Öte yandan, bazı PKK destekçileri büyük bir hata yapıldığını ifade ediyor, Türkiye’nin “Kürt Sosyolojisini” daha rahat “eriteceğini” savunuyor.
Günün sonunda sürecin gelişimini okumak bu iddiaların gerçekliğini anlamamız için temel oluşturur düşüncesindeyiz.
Çözüm Süreci ile bölgede bulunan birçok vatandaşın Türkiye Cumhuriyeti Devleti tanımı “T.C.”den, Devlet’e dönüşmüştü. Her ne kadar sonuca ulaşılamadığı iddia edilse de ayrılıkçı fikriyatın sosyolojik tabanı çözüm süreciyle çözülmüştür; PKK eskisi gibi adam devşirememiş, propaganda yapamamış, destek bulamamıştır, vs. Ardından PKK, sınırlarımız içerisinde yapılan çok boyutlu terörle mücadele çalışmaları sonucunda içeride neredeyse sıfırlanır hale gelmişti.

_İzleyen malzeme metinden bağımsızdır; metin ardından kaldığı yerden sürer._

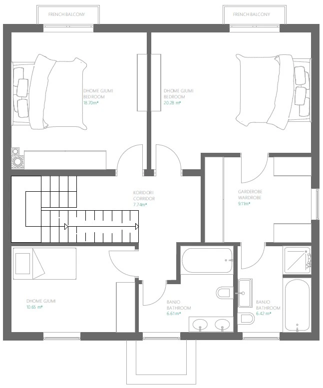 Kati i parë: Dhoma e madhe e gjumit me dush en-suite dhe gardërobë, 2 dhoma gjumi dyshe, banjo të veçantë.

Öte yandan, Arap Baharı sonrası emperyalist müdahaleler ile PKK yeni bir yapıya dönüştü; PYD. Bu yeni yapı ile PKK uluslararası bir “meşruiyet” kazandı. DAEŞ, Kürt soykırımı, kadın hakları, cinsi sapık hakları vs. derken “Küreselci” siyasetin mikro bir mekanizması olarak Türkiye’ye yeni bir pranga takmak için pozisyonlandırıldı. Amaçları Türkiye’nin Güney hattıyla ilişkisini ilk etapta kesip, ardından sınırlardan içeri girecek kapasitede bir yapı kurmaktı. Lakin Türkiye’nin ABD, Rusya, İsrail, İran başta olmak üzere tüm bölgesel karşıtlığa rağmen, hemen darbe girişiminin ardından gözü kara şekilde yaptığı Zeytin Dalı, Barış Pınarı ve Fırat Kalkanı ile PYD kartını çöp haline getirdi.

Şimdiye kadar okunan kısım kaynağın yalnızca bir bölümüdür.